Thank you my code was not a working one it was just a fast stupid approach to expose the problem.
@FrankEscobar Well, we still don't really know for sure what your real problem is.
I wrote an explanation... This is a possible solution.
@luk32 You are probably right, but you are speculating a little on what OPs code really looks like.
No I don't, at least I believe so. His example isn't complete in the syntax sense. I don't think there is anything to interpret in the semantic sense. I.e. you can throw in missing includes and parentheses and it will work. I don't think you need any logic. The expected behaviour is also pretty clear. But I haven't done it =D. I did same assumption as you most probably. You wrote a possible solution, I wrote an explanation to the original behaviour.
0

The thing that happens is that AnimalClass::makeSound is called.

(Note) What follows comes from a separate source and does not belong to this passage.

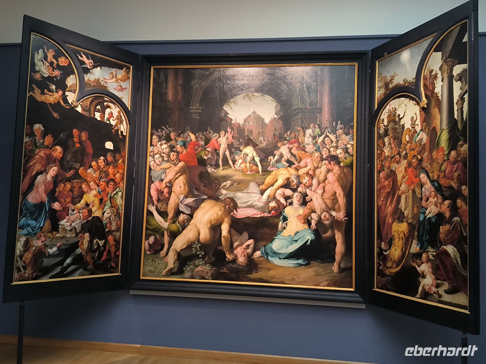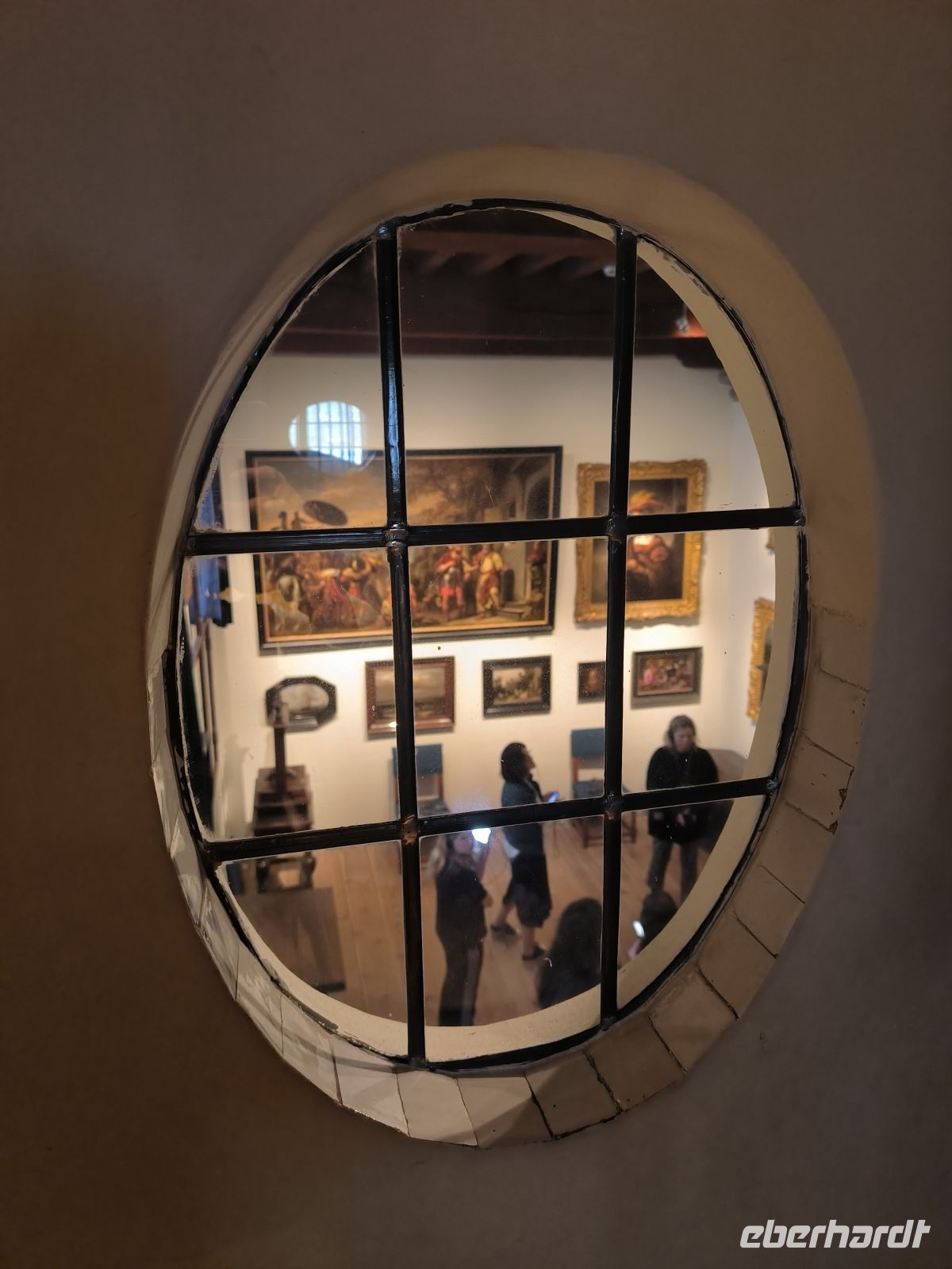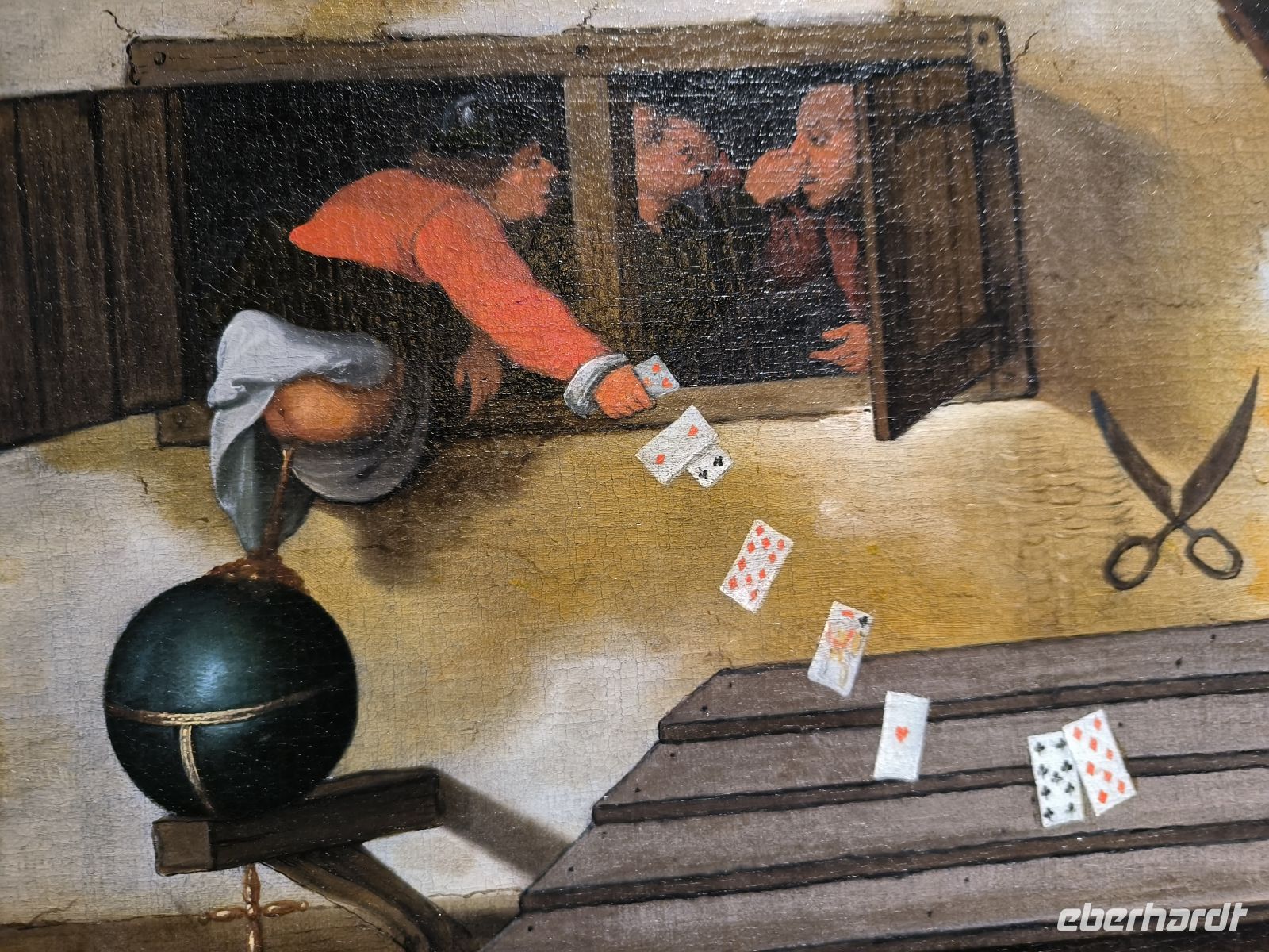 Ort des Geschehens ist das liebevoll eingerichtete Frans Hals Museum. Es ist nach dem hier tätigen Porträtmaler des Goldenen Zeitalters der Niederlande im 17. Jh. benannt und in einem ehemaligen Oudemannenhuis (Altmännerhaus) untergebracht. Es zeigt vorrangig Gemälde Haarlemer Künstler aus dem 16. und 17. Jh. Seit 1913 befindet sich das Haus am jetzigen Ort und umfasst Werke von Vorgängern, Schülern, Kollegen und Konkurrenten sowie rund ein Dutzend Werke von Hals selbst. Herausragend sind dabei die Schützen- und Regentenstücke, von den Schützengilden bzw. den Vorstehern von Wohltätigkeitseinrichtungen in Auftrag gegebene Gruppenporträts, die Frans Hals ganz neu interpretiert hat. Und eben das oben erwähnte Sprichwörterbild: Im Detailfoto zum Beispiel „Het is maar hoe de kaarten vallen“ – „It is just how the cards happen to fall“ – „Die Karten fallen, wie sie fallen“ oder „So ist das Leben, wie das Leben eben ist“. Oder das Wetter.

This is because in child class you have two members ani in ChildAClass i.e.: ChildAClass::ani, and MasterClass::ani. The first one shadows the latter, but it still is there.

Now, even though you call emitSound through ChildAClass what is called is MasterClass::emitSound. So you need to look at things from this perspective. And from there you are calling makeSound from AnimalClass pointer not the DogClass, because AnimalClass::makeSound does not know anything about the derived class. In other words, members do not get "virtualized".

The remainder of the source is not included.